Lambda School Data Science

*Unit 2, Sprint 1, Module 2*

---

# Regression 2

## Assignment

You'll continue to **predict how much it costs to rent an apartment in NYC,** using the dataset from renthop.com.

- [ ] Do train/test split. Use data from April & May 2016 to train. Use data from June 2016 to test.
- [ ] Engineer at least two new features. (See below for explanation & ideas.)
- [ ] Fit a linear regression model with at least two features.
- [ ] Get the model's coefficients and intercept.
- [ ] Get regression metrics RMSE, MAE, and $R^2$, for both the train and test data.
- [ ] What's the best test MAE you can get? Share your score and features used with your cohort on Slack!
- [ ] As always, commit your notebook to your fork of the GitHub repo.


#### [Feature Engineering](https://en.wikipedia.org/wiki/Feature_engineering)

> "Some machine learning projects succeed and some fail. What makes the difference?
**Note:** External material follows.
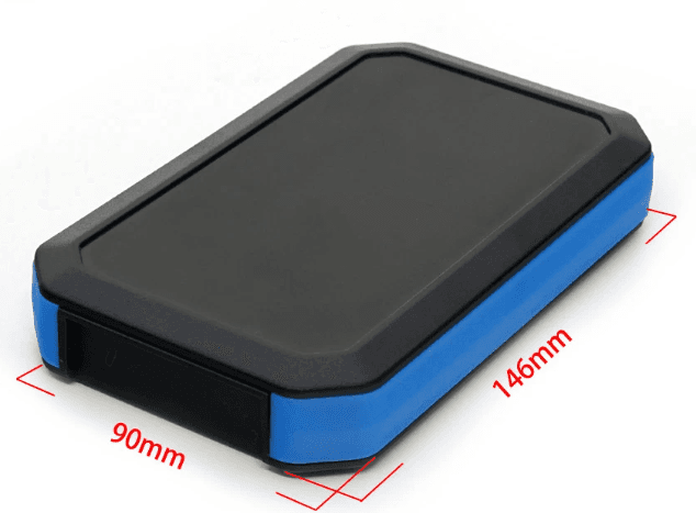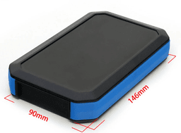 Medium IP65 Waterproof case (146x90x25mm) with sealed battery access. Includes a gasketed rear hatch for battery replacement (typically 3xAAA). Combines heavy-duty environmental protection with portable utility.
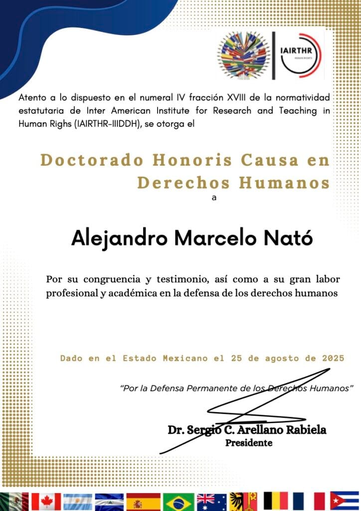 El Dr. Alejandro Nató fue distinguido con el Doctorado Honoris Causa en Derechos Humanos otorgado por el Inter American Institute for Research and Teaching in Human Rights (IAIRTHR).

Easily the most important factor is the features used." — Pedro Domingos, ["A Few Useful Things to Know about Machine Learning"](https://homes.cs.washington.edu/~pedrod/papers/cacm12.pdf)

> "Coming up with features is difficult, time-consuming, requires expert knowledge. 'Applied machine learning' is basically feature engineering." — Andrew Ng, [Machine Learning and AI via Brain simulations](https://forum.stanford.edu/events/2011/2011slides/plenary/2011plenaryNg.pdf) 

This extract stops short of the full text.